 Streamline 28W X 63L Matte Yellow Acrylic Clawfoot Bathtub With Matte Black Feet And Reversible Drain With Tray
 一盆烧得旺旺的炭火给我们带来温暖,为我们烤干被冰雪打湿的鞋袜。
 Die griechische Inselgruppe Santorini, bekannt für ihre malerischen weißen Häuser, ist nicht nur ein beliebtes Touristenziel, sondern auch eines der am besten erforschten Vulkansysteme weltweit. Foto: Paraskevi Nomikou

---

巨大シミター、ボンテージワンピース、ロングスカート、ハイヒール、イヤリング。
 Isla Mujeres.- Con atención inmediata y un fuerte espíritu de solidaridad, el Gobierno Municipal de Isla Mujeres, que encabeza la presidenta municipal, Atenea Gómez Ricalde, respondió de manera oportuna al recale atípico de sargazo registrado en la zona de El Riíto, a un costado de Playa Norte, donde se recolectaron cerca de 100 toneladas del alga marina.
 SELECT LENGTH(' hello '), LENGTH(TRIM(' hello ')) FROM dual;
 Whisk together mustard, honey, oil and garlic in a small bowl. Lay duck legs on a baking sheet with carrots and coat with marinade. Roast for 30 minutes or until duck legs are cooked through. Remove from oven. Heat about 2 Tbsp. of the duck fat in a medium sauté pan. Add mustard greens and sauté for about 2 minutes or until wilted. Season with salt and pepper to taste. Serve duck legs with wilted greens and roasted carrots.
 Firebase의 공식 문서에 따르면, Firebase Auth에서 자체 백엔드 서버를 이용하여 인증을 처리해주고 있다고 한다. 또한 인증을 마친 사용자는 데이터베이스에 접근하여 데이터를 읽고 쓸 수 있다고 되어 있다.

==

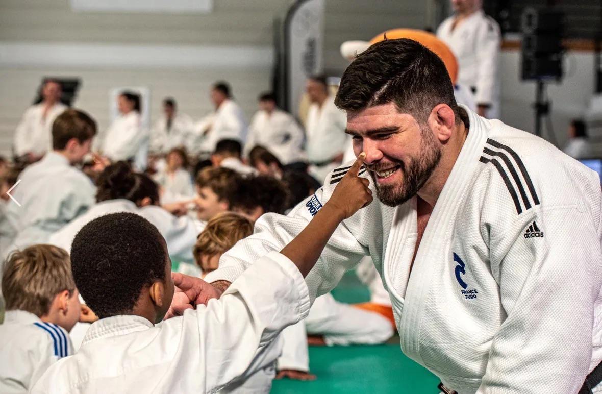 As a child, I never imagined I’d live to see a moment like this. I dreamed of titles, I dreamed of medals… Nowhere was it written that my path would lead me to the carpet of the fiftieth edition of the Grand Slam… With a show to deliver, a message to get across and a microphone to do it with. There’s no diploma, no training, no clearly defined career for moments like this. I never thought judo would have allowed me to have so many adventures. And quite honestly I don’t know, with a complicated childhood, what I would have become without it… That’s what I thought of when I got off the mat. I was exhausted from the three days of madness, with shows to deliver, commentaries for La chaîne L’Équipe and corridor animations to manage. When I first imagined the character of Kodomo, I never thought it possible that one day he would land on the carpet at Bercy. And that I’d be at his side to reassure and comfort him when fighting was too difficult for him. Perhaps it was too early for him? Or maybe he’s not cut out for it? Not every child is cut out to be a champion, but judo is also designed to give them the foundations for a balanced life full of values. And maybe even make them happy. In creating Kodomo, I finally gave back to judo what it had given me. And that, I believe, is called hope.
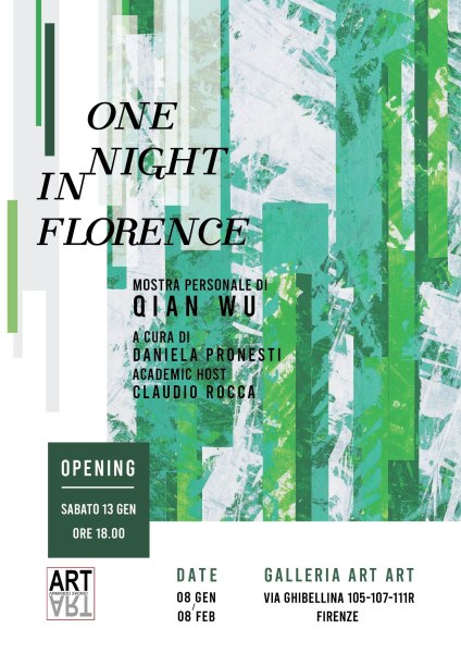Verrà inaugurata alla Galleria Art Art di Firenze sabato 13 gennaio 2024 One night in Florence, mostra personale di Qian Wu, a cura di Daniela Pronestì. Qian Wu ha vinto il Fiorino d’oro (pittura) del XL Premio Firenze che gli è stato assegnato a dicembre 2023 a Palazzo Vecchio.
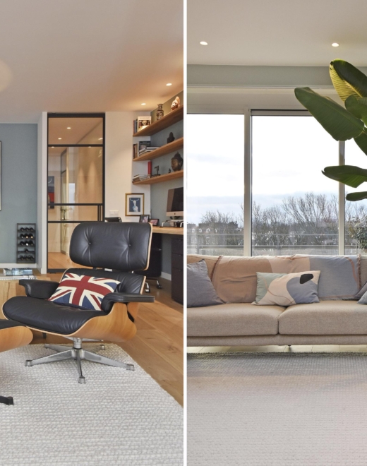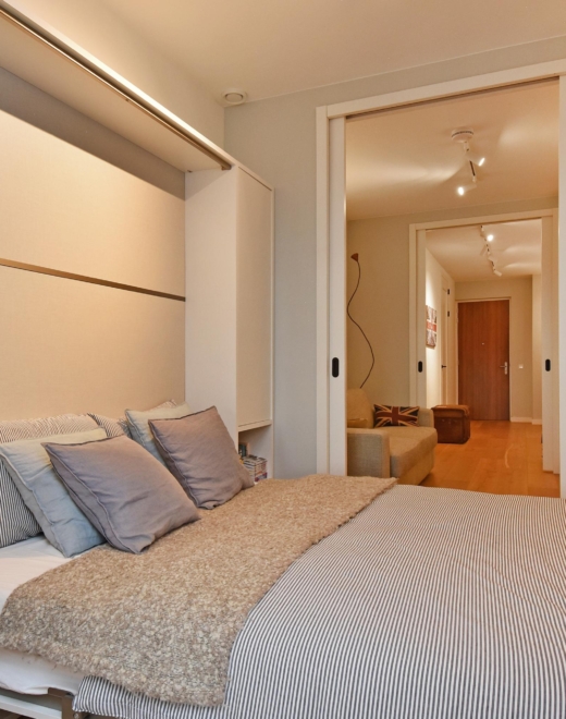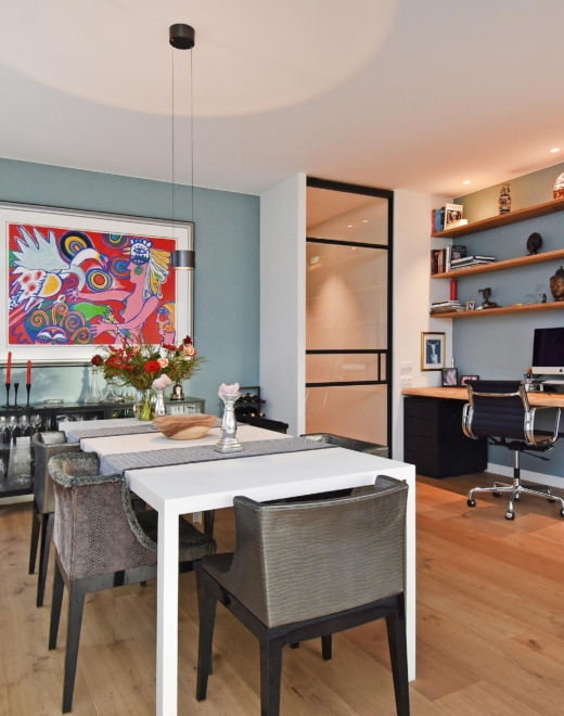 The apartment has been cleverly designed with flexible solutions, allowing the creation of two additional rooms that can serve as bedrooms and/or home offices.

# Assignment:
Only the lines above starting at the line that holds "Streamline 28W X" and ending at the line that holds "Die griechische Inselgruppe" are to be repeated, exactly and in full.

# Answer space:
 Streamline 28W X 63L Matte Yellow Acrylic Clawfoot Bathtub With Matte Black Feet And Reversible Drain With Tray
 一盆烧得旺旺的炭火给我们带来温暖,为我们烤干被冰雪打湿的鞋袜。
 Die griechische Inselgruppe Santorini, bekannt für ihre malerischen weißen Häuser, ist nicht nur ein beliebtes Touristenziel, sondern auch eines der am besten erforschten Vulkansysteme weltweit. Foto: Paraskevi Nomikou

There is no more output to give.